Work to be completed:
Within the records below, find the line with "XB5AK133B5C0 Schneider Electric" and the line with "Make a spooky", then reproduce exactly those two lines and all lines between them, without any picture.

Supplied material:
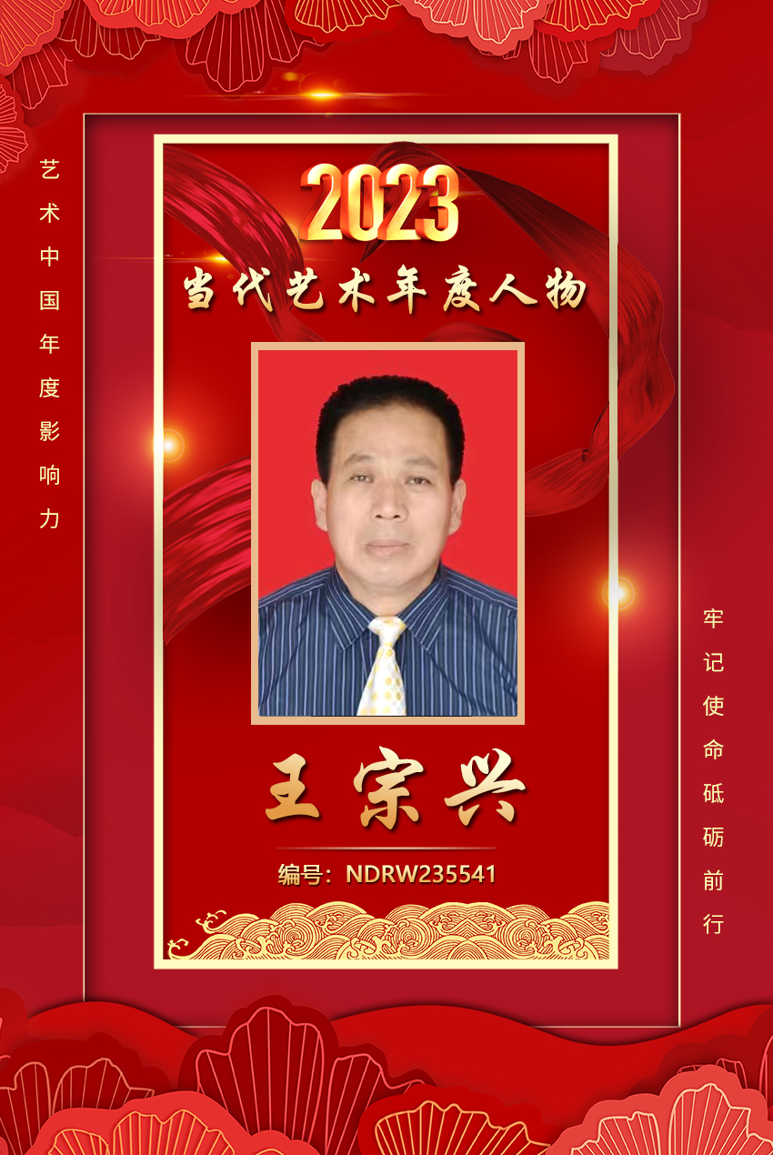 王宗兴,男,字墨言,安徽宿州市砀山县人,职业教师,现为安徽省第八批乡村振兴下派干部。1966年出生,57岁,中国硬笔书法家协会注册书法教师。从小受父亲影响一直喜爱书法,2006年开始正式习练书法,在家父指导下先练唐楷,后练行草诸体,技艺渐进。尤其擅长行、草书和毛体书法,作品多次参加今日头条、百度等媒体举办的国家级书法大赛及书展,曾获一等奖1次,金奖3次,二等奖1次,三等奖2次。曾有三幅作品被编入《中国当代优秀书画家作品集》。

...

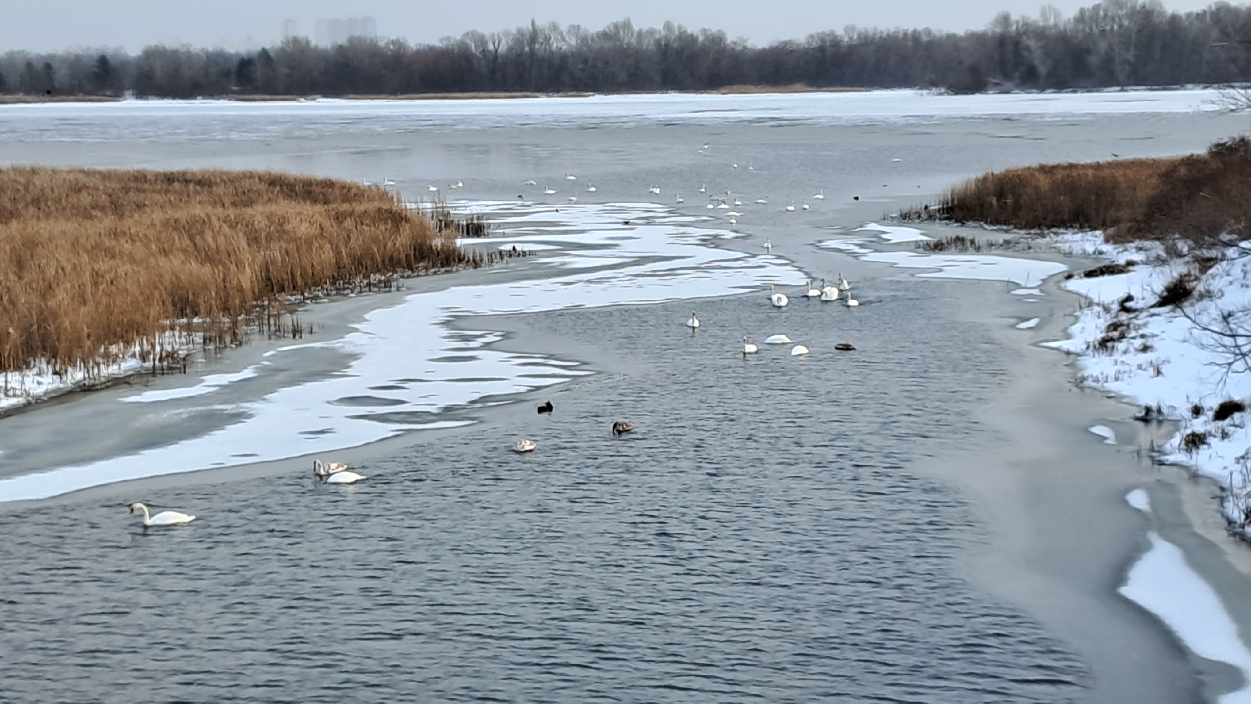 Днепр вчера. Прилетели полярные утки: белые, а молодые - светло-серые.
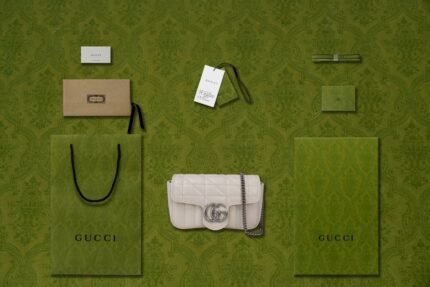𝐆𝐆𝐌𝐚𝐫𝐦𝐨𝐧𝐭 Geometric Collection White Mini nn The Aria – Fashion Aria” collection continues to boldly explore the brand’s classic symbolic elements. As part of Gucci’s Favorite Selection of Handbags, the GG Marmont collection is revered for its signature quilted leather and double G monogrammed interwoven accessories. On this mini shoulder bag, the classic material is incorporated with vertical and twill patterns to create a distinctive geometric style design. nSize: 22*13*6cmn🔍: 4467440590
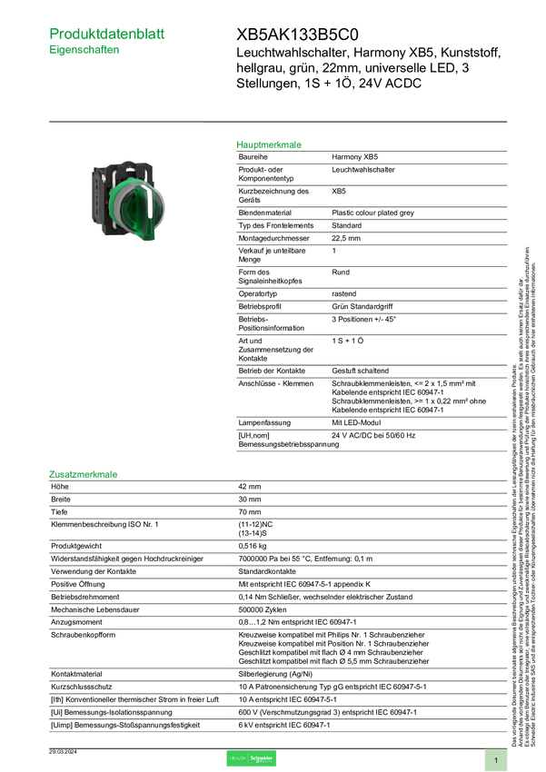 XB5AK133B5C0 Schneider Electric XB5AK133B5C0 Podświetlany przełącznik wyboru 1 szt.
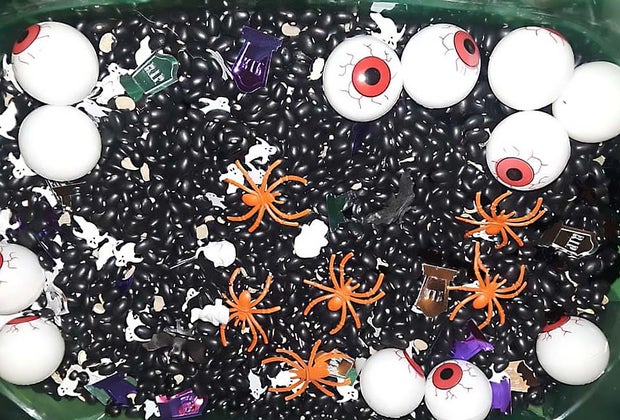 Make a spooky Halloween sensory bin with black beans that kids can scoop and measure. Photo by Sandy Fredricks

---

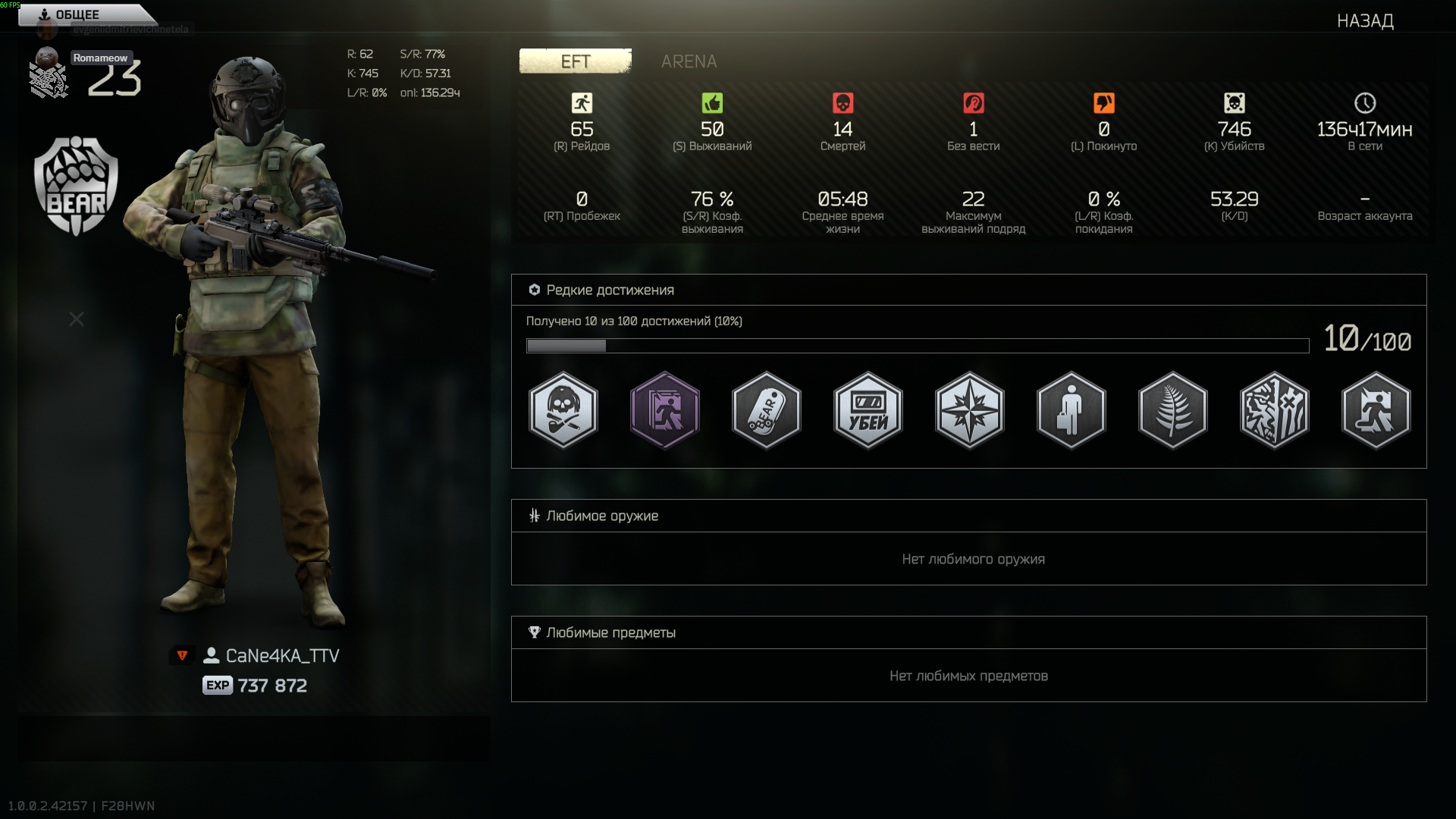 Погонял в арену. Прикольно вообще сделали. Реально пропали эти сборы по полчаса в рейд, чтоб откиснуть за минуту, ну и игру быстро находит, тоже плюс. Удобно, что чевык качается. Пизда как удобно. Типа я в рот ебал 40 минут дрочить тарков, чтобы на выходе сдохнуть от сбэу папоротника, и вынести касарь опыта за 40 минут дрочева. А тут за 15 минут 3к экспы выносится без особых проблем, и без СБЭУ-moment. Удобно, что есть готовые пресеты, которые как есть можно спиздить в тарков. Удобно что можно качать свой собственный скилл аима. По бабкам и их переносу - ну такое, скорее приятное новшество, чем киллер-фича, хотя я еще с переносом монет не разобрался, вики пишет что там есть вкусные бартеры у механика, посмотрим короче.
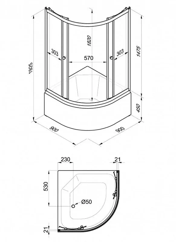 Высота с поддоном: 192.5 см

Reply:
 XB5AK133B5C0 Schneider Electric XB5AK133B5C0 Podświetlany przełącznik wyboru 1 szt.
 Make a spooky Halloween sensory bin with black beans that kids can scoop and measure. Photo by Sandy Fredricks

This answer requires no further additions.